_Problem to solve_
Among the entries that follow, locate the line with "держа 5–7 секунд." and the line with "- Interferon-γ is". Output those lines and all lines in between, exactly, minus the pictures.

Top of Recorded data

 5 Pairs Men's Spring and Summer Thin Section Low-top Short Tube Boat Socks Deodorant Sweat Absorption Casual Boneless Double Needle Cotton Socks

Bottom of Recorded data
Top of Recorded data

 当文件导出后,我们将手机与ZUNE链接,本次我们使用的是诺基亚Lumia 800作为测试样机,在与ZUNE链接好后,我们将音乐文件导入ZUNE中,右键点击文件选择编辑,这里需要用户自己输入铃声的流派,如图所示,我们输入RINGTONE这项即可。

Bottom of Recorded data
Top of Recorded data

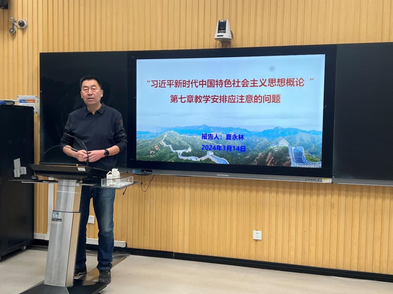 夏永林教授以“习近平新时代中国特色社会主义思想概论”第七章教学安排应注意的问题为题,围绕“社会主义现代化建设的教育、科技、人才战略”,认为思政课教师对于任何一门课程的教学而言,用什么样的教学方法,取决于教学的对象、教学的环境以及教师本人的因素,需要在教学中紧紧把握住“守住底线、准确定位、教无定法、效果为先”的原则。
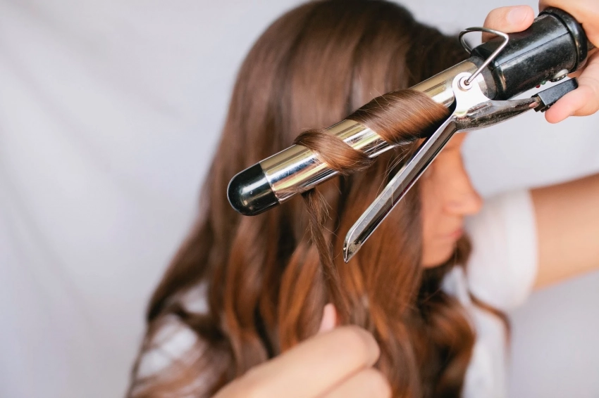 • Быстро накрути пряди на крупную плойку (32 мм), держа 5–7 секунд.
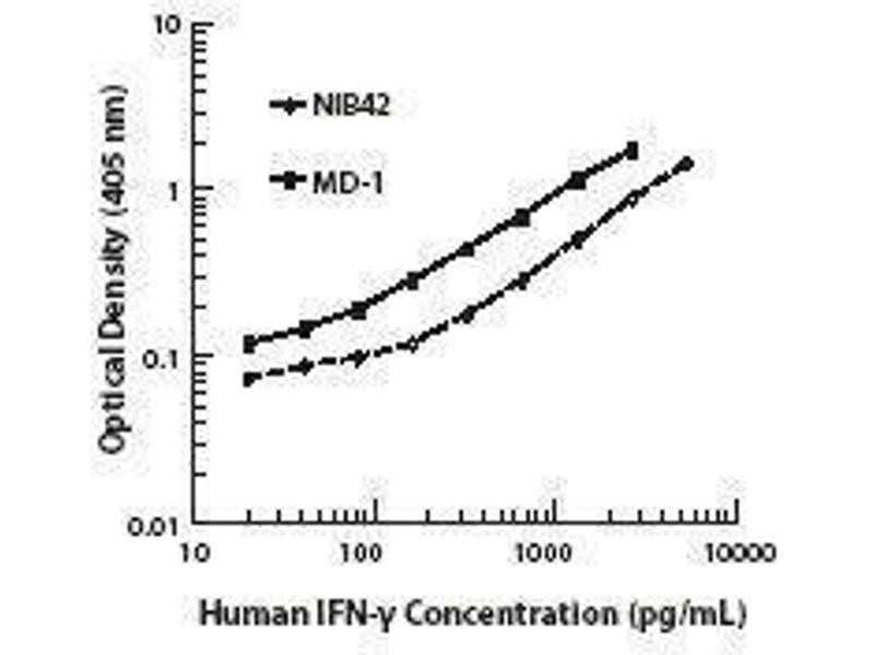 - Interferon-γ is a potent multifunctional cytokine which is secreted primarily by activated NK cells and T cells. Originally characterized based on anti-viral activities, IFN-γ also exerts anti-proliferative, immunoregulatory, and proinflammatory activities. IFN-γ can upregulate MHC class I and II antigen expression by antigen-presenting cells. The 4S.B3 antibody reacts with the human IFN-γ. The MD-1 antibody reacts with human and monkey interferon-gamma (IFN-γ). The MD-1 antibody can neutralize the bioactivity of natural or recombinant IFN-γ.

Bottom of Recorded data

_Output of the task_
 • Быстро накрути пряди на крупную плойку (32 мм), держа 5–7 секунд.
 - Interferon-γ is a potent multifunctional cytokine which is secreted primarily by activated NK cells and T cells. Originally characterized based on anti-viral activities, IFN-γ also exerts anti-proliferative, immunoregulatory, and proinflammatory activities. IFN-γ can upregulate MHC class I and II antigen expression by antigen-presenting cells. The 4S.B3 antibody reacts with the human IFN-γ. The MD-1 antibody reacts with human and monkey interferon-gamma (IFN-γ). The MD-1 antibody can neutralize the bioactivity of natural or recombinant IFN-γ.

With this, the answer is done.